Менке пересел на своё место, а Георг вспомнил последние слова Вальтера перед прощанием и наложил их на слова Менке «Русские входят в Румынию». Сразу полетели мысли и доводы: «Когда наша миссия закончится, наверняка уже не останется ни рейха, ни Германии в её прежнем виде. Ну что же. За что боролись, на то и напоролись. Что будет с Габи? Надеюсь, её папа позаботится об их безопасности». Поступил сигнал о снижении и подготовке к посадке. Все немного завертелись, перекинулись парой словечек, пристегнулись, а некоторые закрыли глаза. Дозаправка прошла быстро и организованно. Из самолёта никого не выпускали, и через тридцать минут самолёт уже оторвался от взлётной полосы и взял направление на восток.
Георг проснулся от громкого ноющего звука. Открыв глаза, он увидел ярко мигающую лампу над кабиной пилотов. Он очень крепко спал и не сразу смог понять, где он и что происходит. Менке подал команду на десятиминутную готовность. Солдаты технической поддержки подошли и стали помогать надевать парашюты и проверять снаряжение. В своей жизни Георг не только не прыгал с парашютом, но и на самолёте он летел впервые. К своему удивлению, он не почувствовал даже волнения. Он был настроен на веление судьбы, а тут уже ничего не изменишь: «Если прыгать вместе со всеми в ночную пустоту, то значит, надо прыгать. Хочешь ты этого или нет. Раз очутился в таком дерьме, то теперь смотри, как из него выбираться. Но в самолёте явно не останешься. Выбросят эти солдатики». К Георгу подошёл один из солдат, помог надеть снаряжение и объяснил, как себя вести в воздухе после выбрасывания. Сообщил, что выброска происходит над горами и квадрат приземления находится не в ущелье, а на ровной площадке вершины. Там будут гореть огни. Сказал, на что обращать внимание, куда смотреть, за какие стропы тянуть, за какие нет. Затем, посмотрев Георгу в глаза, он спросил:
– Ты уже прыгал с парашютом? Мне кажется, что ты вообще первый раз в самолёте.
– Ты прав. Парашют я видел один-единственный раз. Это было вчера или уже позавчера. Но ты не переживай. Я прошёл хороший инструктаж. Долечу до земли целым и невредимым.
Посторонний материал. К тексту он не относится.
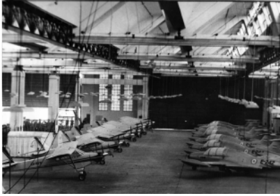
Flota de Aviones Moranne Souliers y Ranqueles desarrollado y fabricado en Fábrica Militar de Aviones -FMA- de Córdoba en 1953.

Aeronáuticas: N° 1 en BAM El Palmar, N° 2 en BAM Los Tamarindos, N° 3 Guarnición Militar Paraná. El Grupo N°1 de Bombardeo Pesado en BAM Paraná y el Grupo N°1 de Caza instalado en el IV Grupo de Observación.

Георга вытолкнули за борт третьим. Последним выпрыгнул Менке. Купол с резким, улетающим вверх шелестом хлестанул за спиной и раскрылся. Георг почувствовал тот самый удар между ног, о котором говорил инструктор: «Значит, всё получилось, значит, приземлюсь живым». Как и сказал солдат в самолёте, внизу действительно были видны еле различимые огни в форме квадрата. Георг попробовал тянуть стропы, чтобы почувствовать, как управлять и рулить парашютом. Разобрался довольно быстро, но чем ниже он спускался, тем сильнее дул боковой ветер и уносил его всё дальше от костров, разведённых на земле. Отсутствие навыка управлять парашютом в различных погодных условиях привело к тому, что в назначенный квадрат он приземлиться не сможет. Внизу раздался хлопок от выстрела. Один, другой. Затем очередь, ещё, и завязалась перестрелка. Сверху было хорошо видно множество огоньков, выбрасываемых из дул автоматов при стрельбе. Слева, в метрах двухстах от квадрата для приземления, таких огоньков было видно около десяти. А со стороны сигнальных костров лишь два или три. «Засада! – неподалёку, в воздухе, раздался кричащий голос. – Тянем по ветру вправо, в сторону границы. Тут засада!» И голос улетел вместе с ветром. Георг растерялся, стал тянуть не те стропы, и парашют начало кидать из стороны в сторону. В темноте он не мог видеть ни одного парашюта, чтобы сориентироваться и примкнуть за кем-нибудь. Темень земли приближалась с сумасшедшей скоростью, и для неопытного Георга просто не оставалось другого выбора, как сконцентрироваться на посадке, где бы она не случилась: «Давай. Постарайся мягче приземлиться, а потом отстегнуться и бежать. Или искать других?»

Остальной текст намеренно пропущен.